Covid-19 has affected people the world over, with businesses in every sector closing day by day, but what has been the economic knock on effect on the gambling industry?

In some cases the impact has been catastrophic, and in other cases less so. What can commonly be concluded, to varying degrees of severity, is that the gambling industry as a whole is experiencing some form of slump.

Casinos are the worst affected

Casinos have undoubtedly been the worst affected, as they rely on people coming through the door to play and generate their income. Social distancing and stay at home measures across the world have seen casinos have to close doors immediately, with no projected reopening dates in sight. As is the case with many other retail and hospitality businesses, the day when casinos can go back to operating as normal looks to be a far stretch into the future, with many casinos in doubt if they can reopen their doors at all.

In the USA, all eyes have naturally been on Las Vegas, a city whose economy is built almost entirely around casinos and gambling. In a bid to try and bring tourists and high rollers back to the city as soon as possible, the Mayor of Las Vegas, Carolyn Goodman, has offered up the city as an experimental control group for the easing of social distancing measures. Unsurprisingly, this is a move that proved controversial, and has faced serious backlash from both politicians and the public.

Online casino and poker custom see dramatic increase

While brick and mortar casinos find themselves in dire straits, online casinos in the US have seen dramatic rises in members and cashflow. New Jersey’s Department of Gaming Enforcement reported that gross gaming revenue is  up 64.4% for online casinos.

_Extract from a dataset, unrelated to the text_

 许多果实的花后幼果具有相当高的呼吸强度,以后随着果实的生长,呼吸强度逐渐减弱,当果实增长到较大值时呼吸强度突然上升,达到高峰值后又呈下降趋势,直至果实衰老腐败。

Industry giants 888 Holdings have seen the popularity of their online casino and poker games increase also, which has led to a 32% increase in shares.

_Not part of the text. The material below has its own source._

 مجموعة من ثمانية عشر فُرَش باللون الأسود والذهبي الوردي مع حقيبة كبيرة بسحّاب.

Sports shutdown see online betting down

The rise in online casino and poker gaming is unlikely to do enough to make up for the loss of revenue that online sports betting looks set to suffer in 2020. As social distancing laws have become the norm in countries across the globe, sport has ground to a halt worldwide. A lack of sport to bet on has led (and will inevitably lead to more) losses. While the increase in online casino players does help, it’s doubtful that it will make up for the lost revenue from major sporting events that are not taking place. While the Belarussian and Nicaraguan football leagues have experienced newfound popularity among punters, it’s highly unlikely they will even come close to replacing profits that will be missed from major sporting events. With Euro 2020, the Olympics and Fury vs Wilder III already cancelled, it looks certain that no major sporting events will be held before the end of the year.

Look on the brightside 

With the German Bundesliga looking to restart in May behind closed doors and New Zealand reopening their racetracks, there is some hope that things may start to pick up from here on in. What's more, all of the cancelled events in 2020 will likely be rescheduled sometime in 2021, so there’s hope for a brighter future yet.